KULeuven-MICAS / zigzag

HW Architecture-Mapping Design Space Exploration Framework for Deep Learning Accelerators
https://kuleuven-micas.github.io/zigzag/
MIT License
90 stars 31 forks source link

Edge TPU example #26

Closed chensy7 closed 8 months ago

chensy7 commented 8 months ago

Hello Zigzag team,

I'm going through the Edge TPU example and trying to understand the details of the hardware-arch/mappings in Zigzag. I have a couple of questions on that.

I'm using this mapping found by Zigzag for Layernode 13 of Resnet-18. Edge_TPU-resnet18-layer_LayerNode_13_complete.json With that, I created the following nested loops based on my understanding of the loop ordering/blocking found by Zigzag. The _s loops correspond to the spatial mapping and will be unrolled if in an HLS setting. I also commented the memory hierarchy next to the highest-level loop each one serves.

image

Based on the hardware architecture description, this is what I think it should look like:

image

(1). Is this understanding of the Zigzag outputs correct? (2). In the .json file, temporal mapping for each operands has N values (each value then contain some loops and their sizes). N seems to correspond to the number of mem hiers for that operand. Is this correct? If so, why does the spatial mapping have N+1 values? (3). Based on what's generated, I understand that for the RF_1B for weights, it is essentially a register for the single weight spatially reused by each 4x4 MAC array unit. However, I don't understand the reuse pattern for RF_2B for outputs. It seems to me that C (input channel) is unrolled so that outputs can be accumulated across input channels and stored in RF_2B, but RF_2B is only large enough to store 1 output, so it has to be constantly updated. Am I missing something? (4). In Edge TPU example, lines 29-41, the RF_2B is defined as size 16 with two read ports and two write ports, could you explain what this is trying to describe? It seems to me that this is just a 16b register (in FFs). Why would it have 2 ports for read and write?
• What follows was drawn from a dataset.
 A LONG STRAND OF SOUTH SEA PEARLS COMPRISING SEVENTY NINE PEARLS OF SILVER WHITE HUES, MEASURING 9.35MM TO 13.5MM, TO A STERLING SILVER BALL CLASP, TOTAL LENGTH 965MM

Sorry for the long post and thanks in advance for your time!

asyms commented 8 months ago

Hi, thanks for your questions and apologies for the delay in response.
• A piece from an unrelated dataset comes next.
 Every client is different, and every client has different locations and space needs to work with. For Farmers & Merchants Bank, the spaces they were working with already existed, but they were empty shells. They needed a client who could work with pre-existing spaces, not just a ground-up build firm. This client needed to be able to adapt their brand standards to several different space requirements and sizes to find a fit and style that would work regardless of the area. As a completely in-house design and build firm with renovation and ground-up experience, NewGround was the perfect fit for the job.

  1. Yes, your understanding is correct.
  2. N is indeed the number of levels in the memory hierarchy for that operand. Spatially there is an additional bottom-most level which represents the unrolling of the MAC itself.
  3. Your drawing is correct for the W RF, however it's incorrect for O. Let me call the RF for output RF_O. Your drawing represents the served_dimensions = {(0, 1, 0, 0), (0, 0, 1, 0), (0, 0, 0, 1)} for RF_O, as one RF_O is serving all MACs across D2, D3, D4. In the actual memory hierarchy definition, a single RF_2B is only serving D2, and as such there will be D1 D3 D4 instances across the entire hierarchy. This is difficult to visualize, as there are 4 dimensions which in your drawing you have flattened to 2. Depending on the temporal mapping, it is possible that the same output can be reused.
  4. I think you're correct that RF_O doesn't need 2 read and 2 write ports. @LY-Mei any thoughts on this?
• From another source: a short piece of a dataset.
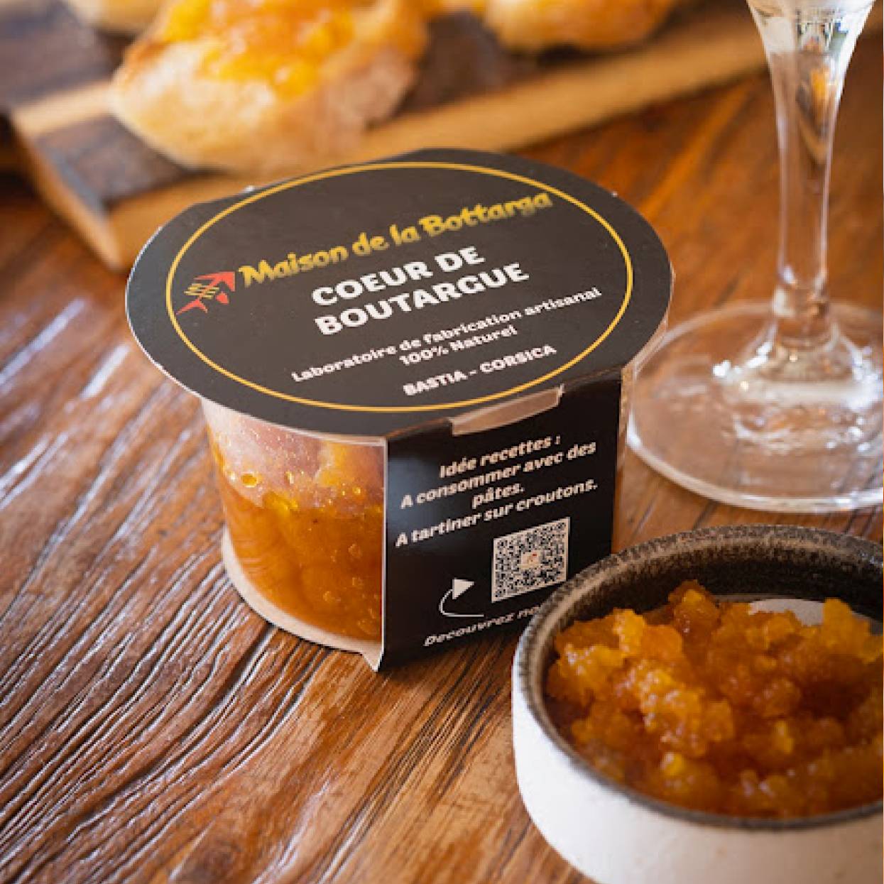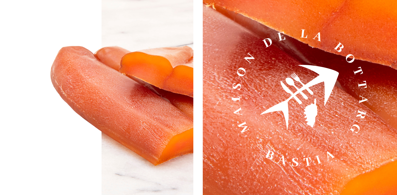 La poutargue artisanale de À la Bottaga à Bastia est une spécialité corse d’exception, souvent appelée le « caviar bastiais ». Élaborée à partir d’œufs de mulet (Mugil cephalus) salés et séchés selon un savoir-faire traditionnel, elle offre une saveur iodée intense et une texture fondante.

Let me know if you have additional questions!

Kind regards, Arne

chensy7 commented 8 months ago

Arne,

Thanks for getting back to me. I think I understand now. I somehow missed that RF_2B is only serving D2 so there are a lot more instances than I initially thought. An updated visualization would maybe look something like this? image

Best, Siyuan

asyms commented 8 months ago

Yes, your new visualization is more accurate. Each RF_2B (O) will be serving across dimensions D1, D3 and D4, so in total there will be D1D3D4 instances in the entire hierarchy. Also keep in mind that in a real architecture you would have some form of reduction (adder tree) from those MACs to the RF for output, which is abstracted out in ZigZag. The write bandwidth of the RF will determine the amount of outputs that can be reduced in a single clock cycle and will limit the spatial unrolling onto the physical dimensions accordingly.